The present invention as described above, by coating the adhesion promoting material such as protein to the implant using a biodegradable polymer, the biodegradable implant is inserted into the body, it is required to be decomposed and adhered to the surrounding biological tissues with a certain degree of binding force It is possible to greatly shorten the time it takes, eventually increasing the binding force of the biodegradable implant.

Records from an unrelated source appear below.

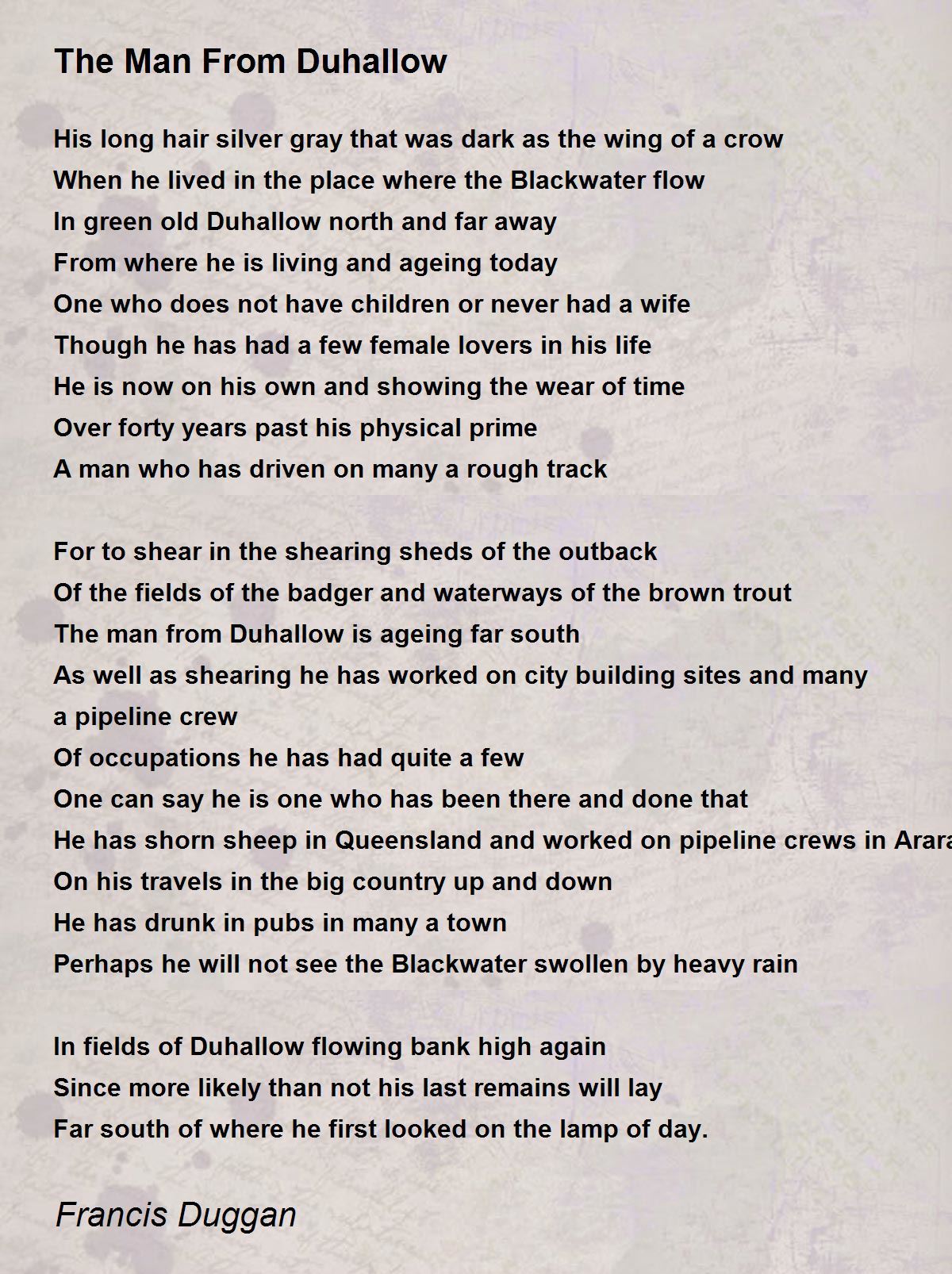 The man from Duhallow is ageing far south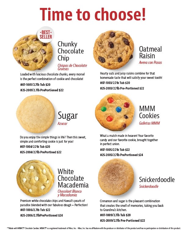 America's Favorite Cookies is the ultimate white glove cookie dough fundraiser designed for larger groups like schools and leagues. Sell 6 delicious treats in 2 different formats - Scoop & Bake and Pre-Portioned! Enjoy our convenient online store with ship-to-home option and free student pre-pack. Let's raise some dough!
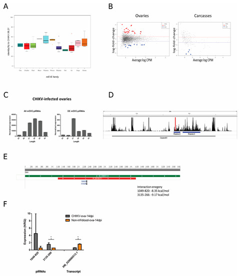 The following are available online at https://www.mdpi.com/article/10.3390/v13040553/s1, Figure S1: (A) Scheme of the infection experiments. (B) Strategy used to study the small RNA profile of nrEVEs, Figure S2: Length distribution of the full collection of Aedes aegypti miRNAs downloaded from miRbase, Figure S3: Venn diagram representing the intersection of the sRNA differential abundance across each transcript based on the three different library sizes for normalization, Figure S4: Hairpin predictions computed with miRNAFold, Figure S5: Bar plot of significantly enriched pathways based on differential sRNA abundance in CHIKV-infected ovaries and carcasses, Figure S6: Venn diagram of the transcripts displaying differential abundance across conditions, Figure S7: Venn diagram representing the intersection of the sRNA differential abundance across each nrEVE based on the three different library sizes for normalization, Table S1: List of primers used in this study, Table S2: List of candidate targets of potential viral-sRNAs, Table S3: List of transcripts displaying significant differential abundance for siRNAs, Table S4:. GO enrichment analysis of siRNA SDA transcripts, Table S5: List of transcripts displaying significant differential abundance for piRNAs, Table S6: KOBAS gene-list enrichment analysis of SDA transcripts, Table S7: List of candidate targets of DE miRNAs, Table S8: Differential abundance analysis of nrEVEs, Table S9: DE piRNAs originating from SDA nrEVEs.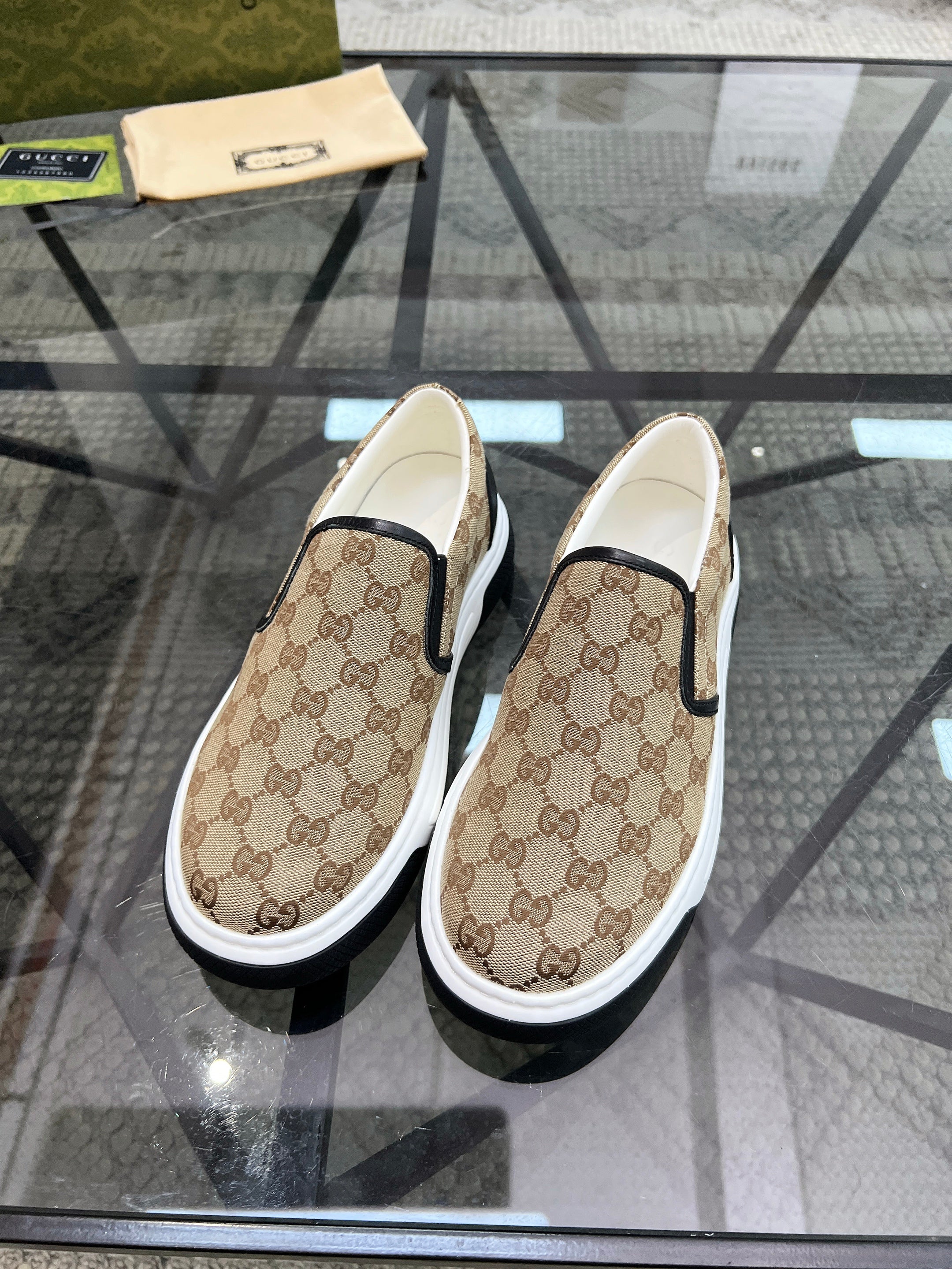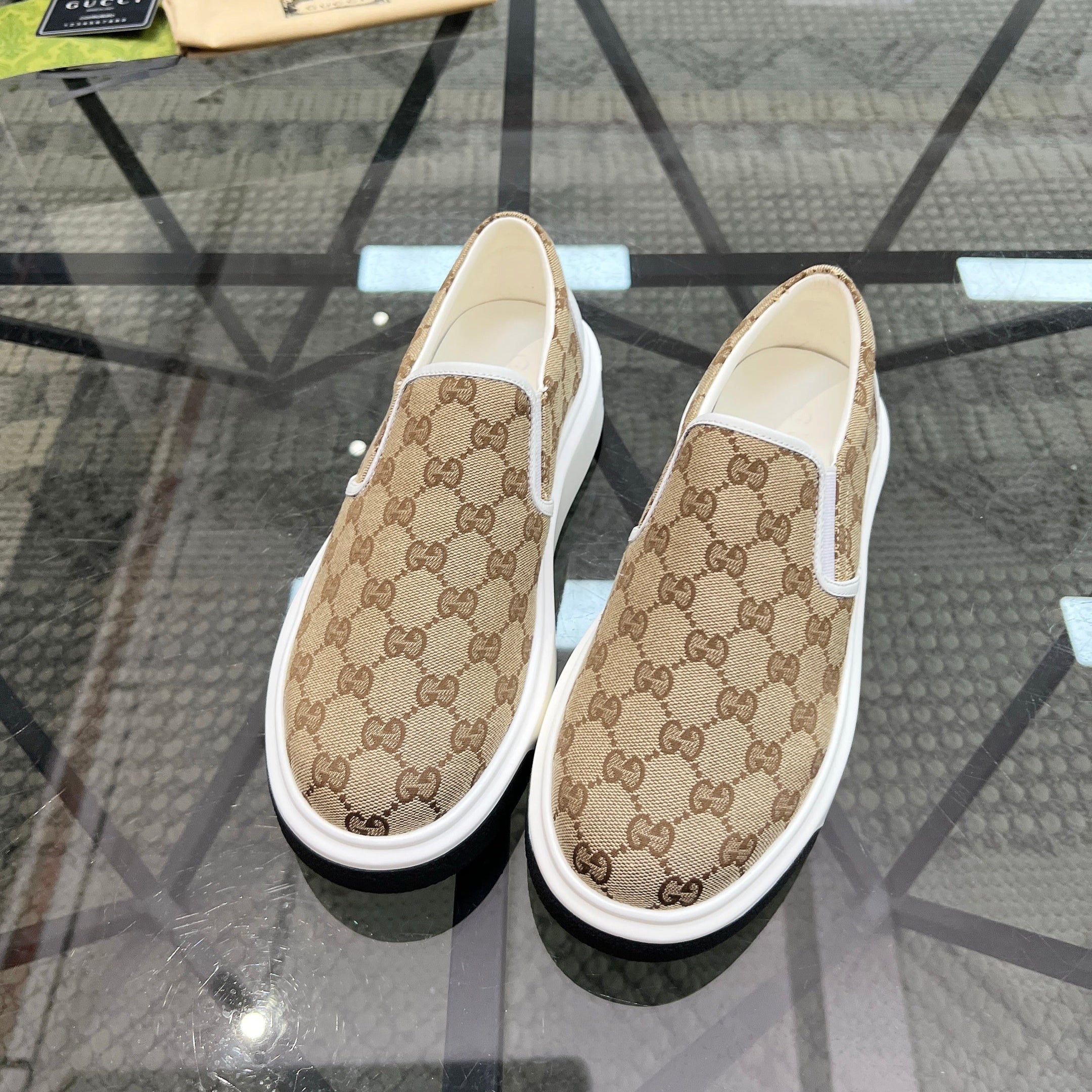 GG Men's Slip on Loafer Brown Printed Fabric 721584

In addition, by using the color as an identification marker for easy identification of the specification of the coating implant that varies depending on the site of use, depth of use and lesions used, there is an additional effect that can increase the safety of the procedure.

Claims (10)

In biodegradable bone joint implant, A coating implant for biodegradable bone joints, characterized in that the adhesion promoting material for promoting adhesion between the implant inserted into the body and the biological tissue surrounding the implant is coated on the surface of the implant. The method of claim 1, The adhesion promoting material, Biodegradable bone joint coating implant, characterized in that any one or a mixture of two or more selected from the group consisting of proteins, extracellular substances, cytokines, hormones and pigments. The method of claim 2, The protein is, Biodegradable bone joint coating implant, characterized in that gelatin (gelatin) or pronectin (pronectin). The method of claim 2, Said cytokine, Interleukin 4 (IL-4), Interleukin 6 (IL-6), or Interleukin 10 (IL-10), which promotes bone tissue growth, characterized in that the biodegradable bone joint coating implant. The method of claim 2, The hormone is BMP-1 (Bone Morphogenetic Protein 1), BMP-2 (BMP-2) or EGF (EGF, Epidermal Growth Factor), which promotes bone tissue growth. . The method of claim 2, The pigment, A biodegradable bone joint coating implant, characterized in that the dye is a single color or a mixture of two or more dyes, which is harmless to the human body. The method according to claim 1 or 2, The implant, The biodegradable bone joint coating implant, characterized in that it has a color that makes it possible to identify the specifications of the implant that depends on the site of use, depth of use and lesions used. The method according to claim 1 or 2, The adhesion promoting material, The biodegradable bone joint coating implant, characterized in that it has a color that makes it possible to identify the specifications of the implant that depends on the site of use, depth of use and lesions used. The method of claim 8, The color is A biodegradable bone joint coating implant, which is formed by a dye of a single color or a mixture of two or more dyes, which is harmless to the human body. The method of claim 8, The color is A biodegradable osteoconjugate coating implant formed by a single color adhesion promoting material or a mixture of two or more colored adhesion promoting materials.